Есть, однако, хотелось. Миссис Уилкинс, учитывая чрезмерное вчерашнее дружелюбие, могла хотя бы сообщить ей, что ланч подан. А она действительно была чересчур дружелюбна – по поводу того, где пристроить на ночлег Меллерша, ратовала за то, чтобы отдать ему свободную комнату, и вообще. Обычно Скрэп не интересовалась всяким обустройством – по правде говоря, она никогда им не интересовалась – так что могла по праву сказать, что ради миссис Уилкинс буквально прыгнула выше головы. А миссис Уилкинс даже не побеспокоилась, будет ли она обедать.

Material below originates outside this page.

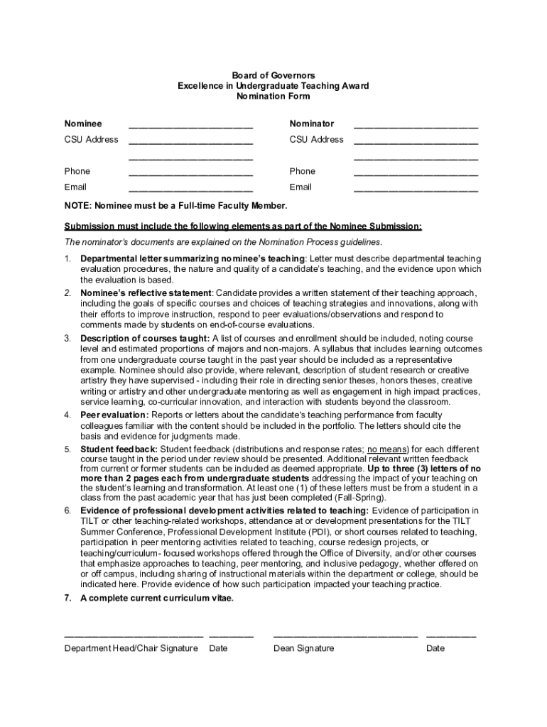 Board of Governors Excellence in Undergraduate Teaching Award Nomination Form Nominee___Nominator___CSU Address___CSU Address_________Phone___Phone___Email___Email___NOTE: Nominee must be a Full time

К счастью, хотя она и испытывала голод, она не возражала против того, чтобы пропустить еду. Жизнь полна трапез. Они отнимают массу времени, а миссис Фишер, увы, кажется, из тех, кто предпочитает затяжные трапезы. Она уже дважды ужинала с миссис Фишер, и каждый раз приходилось мучительно высиживать за столом, пока та медленно раскалывала бесчисленные орехи и потягивала вино такими маленькими глоточками, что, казалось, оно никогда не закончится. Наверное, неплохо было бы взять за обычай пропускать ланч, чай просить подавать сюда, и поскольку завтракала она у себя в комнате, то лишь один раз в день ей придется торчать в столовой и терпеть орехи.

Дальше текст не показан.